The importance of the nonlinear PDEs is associated with the fact that they reflect more precise nonlinear laws of the nature, while linear PDEs were derived from the linearized versions of the nonlinear laws. Despite the great advances in the theory of nonlinear PDEs it is far from being complete. It is remarkable that almost every major nonlinear PDE has its own personality and requires unique approach. However, looking to current state of art in the theory of nonlinear PDEs, one can observe a similarity with the classical linear theory in the following sense: there are some major individual nonlinear PDEs, and analysis and understanding of those PDEs is a key towards the general theory of a broad class of nonlinear PDEs. I am going to concentrate on one of those key nonlinear PDEs called the nonlinear diffusion equation, which is a generalization of the classical heat/diffusion equation.

I will use the following notation
\[u=u(x,t),~x \in \R^{N},~N\geq 1,~t \in \R_{+}\]
\[ \nabla u = \big(u_{x_{1}},\ldots,u_{x_{n}}\big), \Delta u = \sum\limits_{i=1}^{N}u_{x_ix_i}=div(\nabla u)\]
The Nonlinear Diffusion Equation (NDE), or Porous Medium Equation (PME) can be written
\[u_{t}=\lapl \big(u^{m}\big),~m>0\]
When the solution can change sign, it takes the more general form
\[ u_{t}=\lapl \big( |u|^{m-1}u\big)\]
We see that it is a diffusion type equation where the diffusion coefficient (or thermal conductivity, in the context of heat conduction) depends on temperature as a power-law. In particular, there is no diffusion where the concentration $u=0$ when the exponent $n>0$.
\[ u_{t}=\text{div}\big(u^{n}\nabla u\big)\]
When $m=1$ (or $n=0$ in the divergence form) this family of nonlinear diffusion equations includes the linear heat equation,
\[ u_{t}=\lapl u\]
Note that the PME is a representative of a general class of nonlinear degenerate parabolic equations with implicit degeneracy.

Physics

Consider the flow of gas through a porous medium: let $\rho$ be density, $\vec{v}$ be velocity.
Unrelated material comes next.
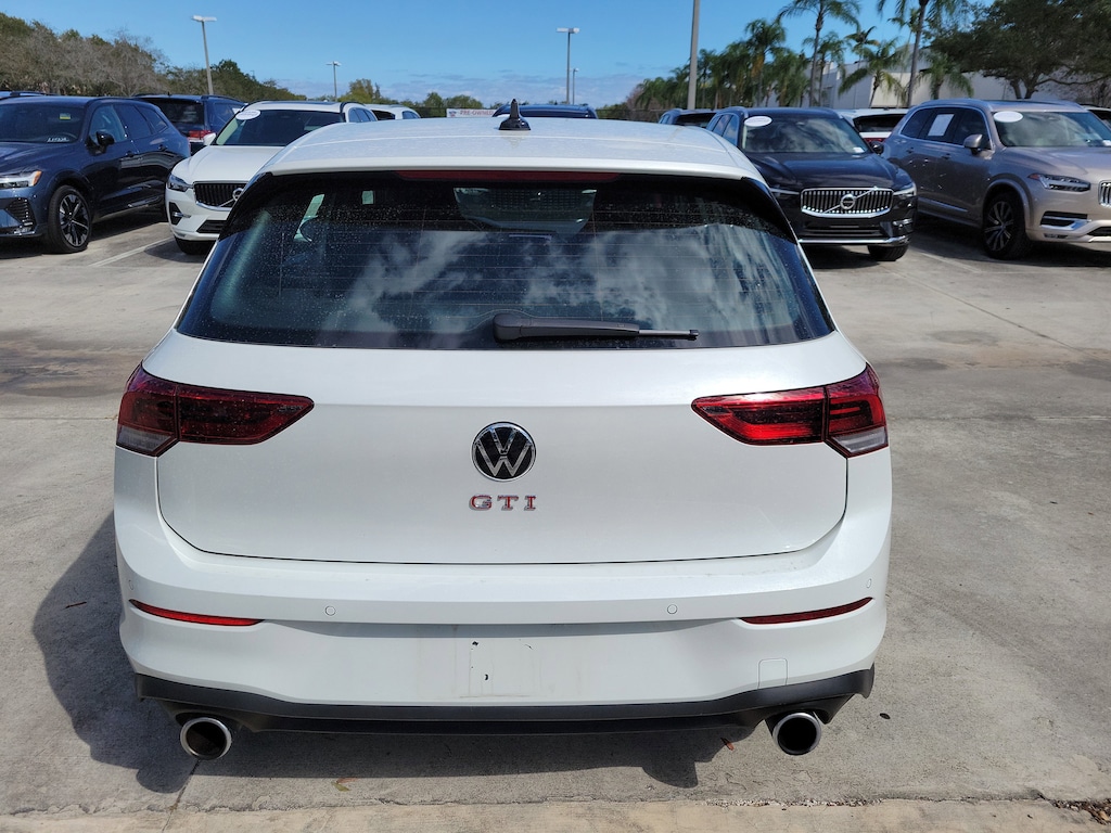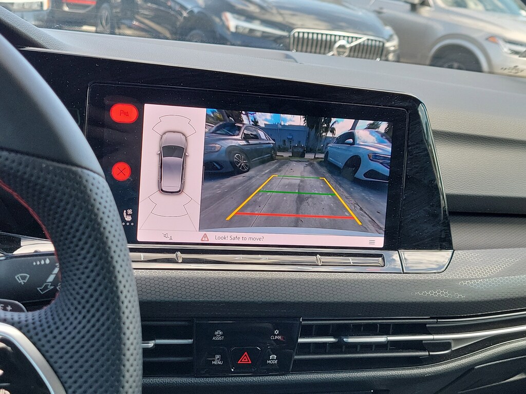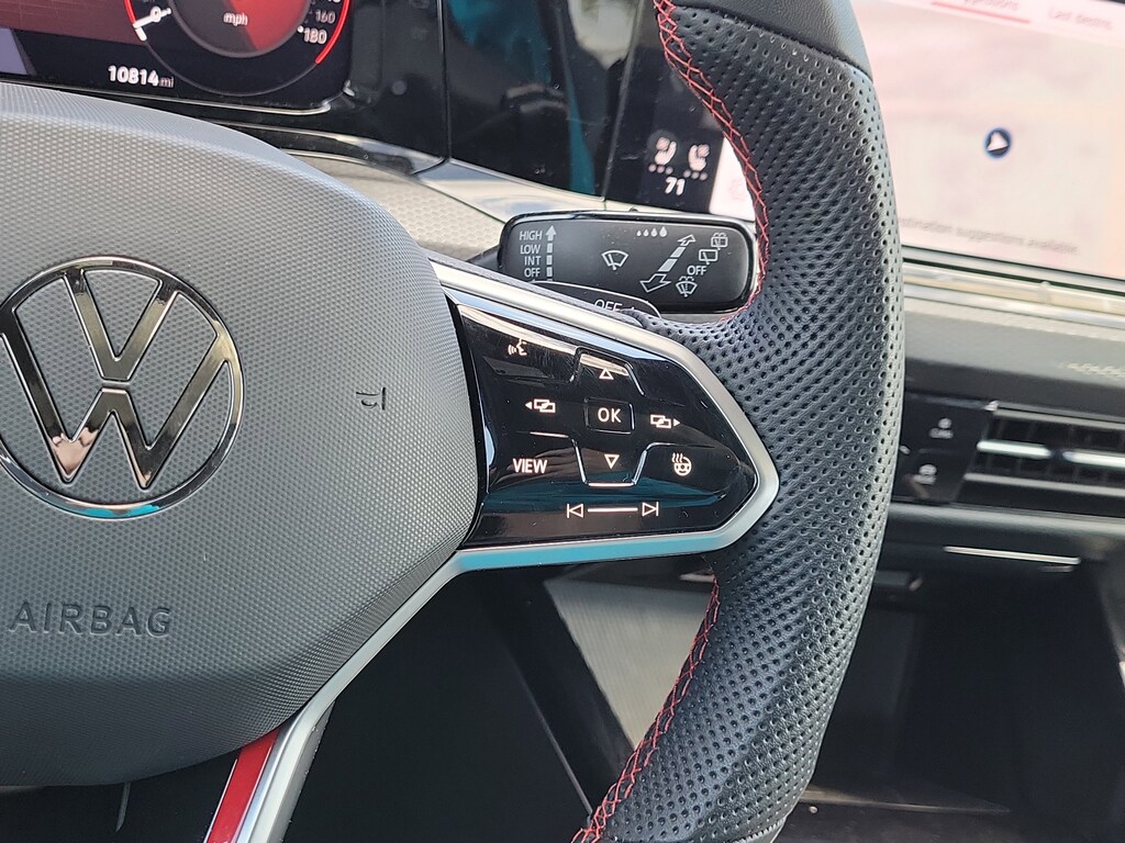 CARFAX One-Owner. Opal White 2024 Volkswagen Golf GTI 2.0T SE 2.0L TSI DOHC 7-Speed DSG Automatic with Tiptronic FWD SE Leather Seats Package (Actively Ventilated Front Seats, Padded Door Panels w/Leatherette Inserts, and Vienna Leather Seating Surfaces w/Perf Inserts), 4-Wheel Disc Brakes, 9 Speakers, ABS brakes, Air Conditioning, Alloy wheels, AM/FM radio: SiriusXM with 360L, Auto-dimming Rear-View mirror, Auto-Dimming Rearview Mirror w/HomeLink Connect, Automatic temperature control, Brake assist, Bumpers: body-color, Cloth Seating Surfaces, Compass, Delay-off headlights, Driver door bin, Driver vanity mirror, Dual front impact airbags, Dual front side impact airbags, Electronic Stability Control, Emergency communication system: VW Car-Net Safe & Secure 5-year, Exterior Parking Camera Rear, First Aid Kit, Forward collision: FCW w/Autonomous Emergency Braking mitigation, Four wheel independent suspension, Front anti-roll bar, Front Bucket Seats, Front Center Armrest, Front fog lights, Front reading lights, Fully automatic headlights, harman/kardon® Speakers, Heated door mirrors, Heated front seats, Heated Front Top Sport Seats, Heated steering wheel, Illuminated entry, Lane Departure Warning System, Leather steering wheel, Low tire pressure warning, Navigation System, Occupant sensing airbag, Outside temperature display, Overhead airbag, Overhead console, Panic alarm, Passenger door bin, Passenger vanity mirror, Power door mirrors, Power driver seat, Power moonroof: Panoramic, Power passenger seat, Power steering, Power windows, Radio data system, Radio: MIB3 Discover Pro w/10" Touchscreen Navi, Rain sensing wipers, Rear anti-roll bar, Rear reading lights, Rear seat center armrest, Rear window defroster, Rear window wiper, Remote keyless entry, Roadside Assistance Kit, Rubber Mats Kit, Security system, Speed control, Speed-sensing steering, Speed-Sensitive Wipers, Split folding rear seat, Spoiler, Sport steering wheel, Steering wheel mounted audio controls, Tachometer, Telescoping steering wheel, Tilt steering wheel, Traction control, Trip computer, Turn signal indicator mirrors, Variably intermittent wipers, and Wheels: 18" 2-Tone Machined Alloy.
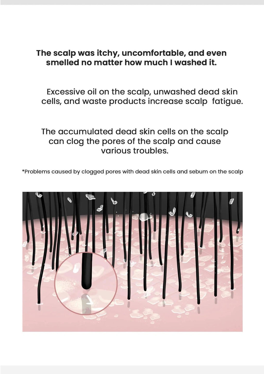 3. Massage thoroughly for 2-3 minutes to help exfoliate the scalp with the foam.

If $f$ is the porosity of the medium, $f \in (0,1]$. The microscopic picture is as below: gas is only able to flow where the empty region appears.

abdulla-NonlinearPDEs-1-figure0

$f$ then represents exactly the fraction of open space on this scale.

The governing equations in this case are
\begin{align*}
f \rho_{t}+\text{div} (\rho \vec{v})&=0&&\text{conservation of mass}\\
\vec{v}&=-\frac{\kappa}{\mu} \nabla p&&\text{Darcy’s law}\\
\rho &=\rho_{0}p^{\gamma}&&\text{equation of state}
\end{align*}
where $\kappa$ is the permeability and $\mu$ is the viscosity of the gas. We will eliminate $\vec{v}$ and $p$ through these equations to derive a PDE for $\rho$; a nonlinear equation can also be derived for the pressure $p$.

\begin{align*}
0
&=f \rho_{t}+\text{div} \big(\rho \vec{v}\big)\\
&=f \rho_{t}+\text{div} \left[\rho \left(-\frac{\kappa}{\mu} \nabla p \right)\right]\\
&=f \rho_{t}+\text{div} \left[\rho \left(-\frac{\kappa}{\mu} \nabla \left( \frac{\rho}{\rho_{0}}\right)^{\frac{1}{\gamma}} \right)\right]
\end{align*}
Calculate the gradient to get
\begin{align*}
0&=f \rho_{t}-\frac{\kappa}{\mu}\frac{1}{\rho_{0}^{\frac{1}{\gamma}}}\frac{1}{\gamma}\text{div} \left[\rho^{\frac{1}{\gamma}} \nabla \rho \right]\\
&=f \rho_{t}-\frac{\kappa}{\mu}\frac{1}{\rho_{0}^{\frac{1}{\gamma}}}\frac{1}{\gamma}\frac{1}{1+\frac{1}{\gamma}}\text{div} \nabla \rho^{\frac{1}{\gamma}+1}
\end{align*}
Which can be written as
\begin{align*}
0&=\rho_{t} – c \lapl \rho^{m}
\end{align*}
where $m=\frac{1}{\gamma}+1$. By applying the time scaling $t \mapsto c t$, we can remove the constant and get the nonlinear diffusion equation:
\[ \rho_{t}= \lapl \rho^{m}\]
In this derivation, one finds $m > 1$, but alternative derivations give a full range of exponents $m$. The family of nonlinear diffusion equations has a long history; Boussinesq derived this equation with $m=2$ in 1903 [2].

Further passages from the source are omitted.